Production install examples

These examples are starting points for production installs. They are not a substitute for environment-specific review, but they capture the manifests operators otherwise have to assemble by hand.

:::tip Guided install Use Production Install for the ordered production installation path. This page keeps larger snippets that are referenced from that guide. :::

When to use these examples

Example	Use when
Helm values overlay	Platform team installs the operator with monitoring and private images.
NetworkPolicy	Cluster enforces namespace or pod network boundaries.
Per-role credentials	New production failover group.
Full combined example	Reviewing all moving parts in one manifest set.

Helm values overlay

# values-production.yaml
replicaCount: 2

image:
  repository: registry.example.com/bloodraven
  tag: v0.1.0
  pullPolicy: IfNotPresent

imagePullSecrets:
  - name: private-registry

leaderElection:
  enabled: true

resources:
  requests:
    cpu: 250m
    memory: 256Mi
  limits:
    cpu: 1
    memory: 512Mi

metrics:
  service:
    enabled: true
  serviceMonitor:
    enabled: true
    interval: 15s
    labels:
      release: prometheus

grafanaDashboards:
  enabled: true
  namespace: monitoring

auxiliary:
  service:
    enabled: true
    type: ClusterIP
    wsAllowedOrigins: https://dashboard.example.com
    wsMaxClients: 100

Install with:

helm upgrade --install bloodraven bloodraven/bloodraven \
  --namespace bloodraven --create-namespace \
  -f values-production.yaml

If Argo CD owns CRDs separately, commit the CRDs under charts/bloodraven/crds/ or your platform CRD app and install the operator chart after that CRD app syncs. Helm installs chart CRDs on first install but does not upgrade them automatically.

NetworkPolicy

The auxiliary HTTP and sidecar HTTP endpoints are intentionally internal and unauthenticated. Restrict them to the operator, dashboard, and Prometheus namespaces that need access. The sidecar also needs to reach the operator auxiliary endpoint on :8082 for /active-site checks.

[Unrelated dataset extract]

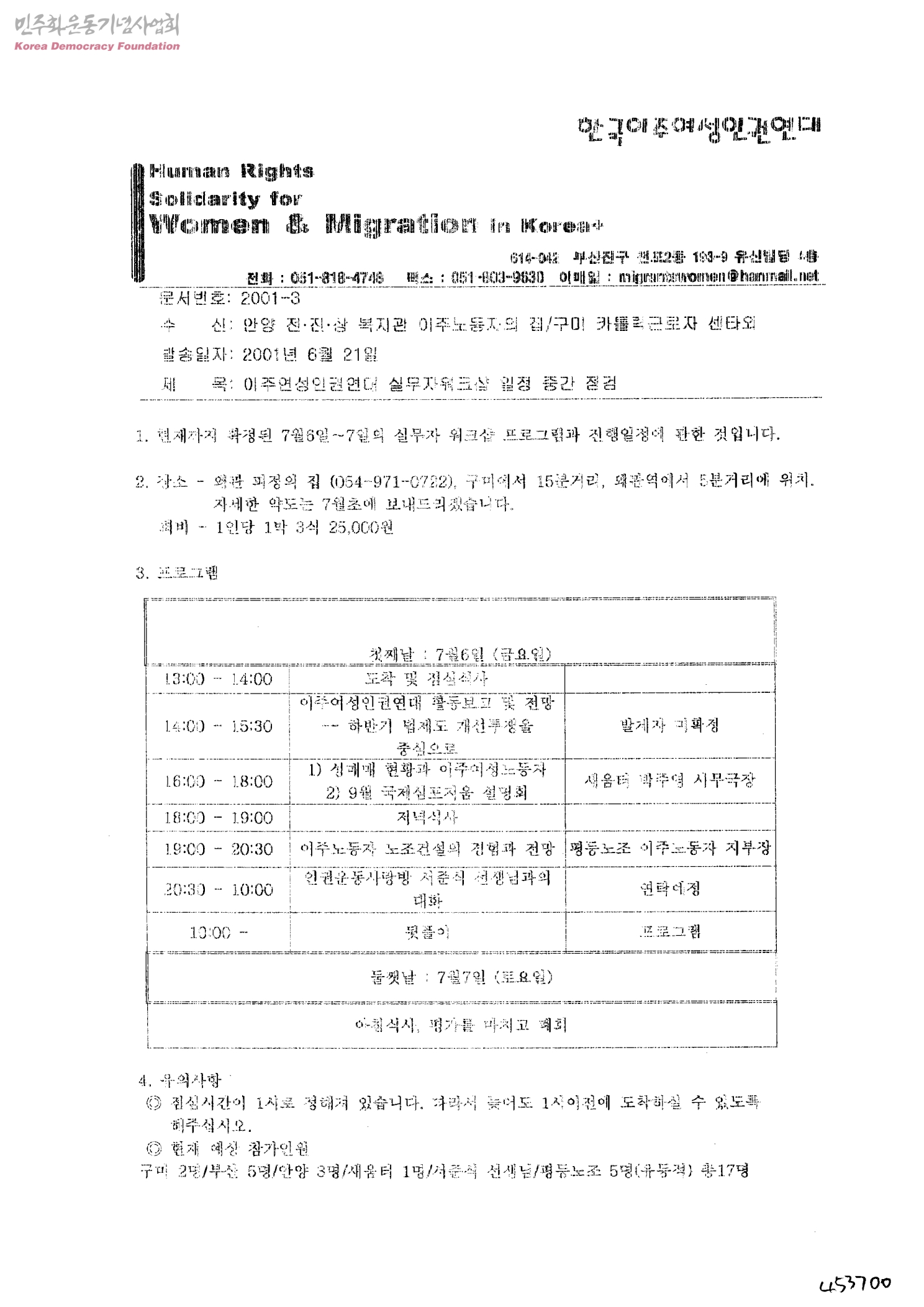 이주연성인권연대 실무자워크샵 일정 중간 점검[수신:안양 전.진.상 복지관 이주노동자의 집/구미 카톨릭근로자 센타외]

apiVersion: networking.k8s.io/v1
kind: NetworkPolicy
metadata:
  name: bloodraven-operator-ingress
  namespace: bloodraven
spec:
  podSelector:
    matchLabels:
      app.kubernetes.io/name: bloodraven
  policyTypes: [Ingress]
  ingress:
    - from:
        - namespaceSelector:
            matchLabels:
              kubernetes.io/metadata.name: monitoring
      ports:
        - protocol: TCP
          port: 8080
    - from:
        - namespaceSelector:
            matchLabels:
              kubernetes.io/metadata.name: bloodraven-dashboard
        - namespaceSelector:
            matchLabels:
              kubernetes.io/metadata.name: tenant-db
          podSelector:
            matchLabels:
              app.kubernetes.io/name: mysql
              app.kubernetes.io/managed-by: bloodraven
              shipstream.io/failover-group: orders
      ports:
        - protocol: TCP
          port: 8082
---
apiVersion: networking.k8s.io/v1
kind: NetworkPolicy
metadata:
  name: orders-mysql-ingress
  namespace: tenant-db
spec:
  podSelector:
    matchLabels:
      app.kubernetes.io/name: mysql
      app.kubernetes.io/managed-by: bloodraven
      shipstream.io/failover-group: orders
  policyTypes: [Ingress]
  ingress:
    - from:
        - namespaceSelector:
            matchLabels:
              kubernetes.io/metadata.name: bloodraven
      ports:
        - protocol: TCP
          port: 3306
        - protocol: TCP
          port: 8080
    - from:
        - podSelector:
            matchLabels:
              app.kubernetes.io/name: mysql
              app.kubernetes.io/managed-by: bloodraven
              shipstream.io/failover-group: orders
      ports:
        - protocol: TCP
          port: 8080
    - from:
        - podSelector: {}
      ports:
        - protocol: TCP
          port: 3306

Adjust selectors to match your chart labels and namespace layout. If your CNI defaults to deny egress, also permit the operator to reach MySQL :3306, sidecar :8080, the Kubernetes API, and DNS, and permit sidecars to reach the operator auxiliary Service on :8082.

PrometheusRule

apiVersion: monitoring.coreos.com/v1
kind: PrometheusRule
metadata:
  name: bloodraven-alerts
  namespace: monitoring
  labels:
    release: prometheus
spec:
  groups:
    - name: bloodraven.failover
      rules:
        - alert: BloodravenOperatorDown
          expr: up{job="bloodraven"} == 0
          for: 2m
          labels:
            severity: critical
          annotations:
            summary: Bloodraven operator is down
            description: No failover decisions run while the operator is unavailable.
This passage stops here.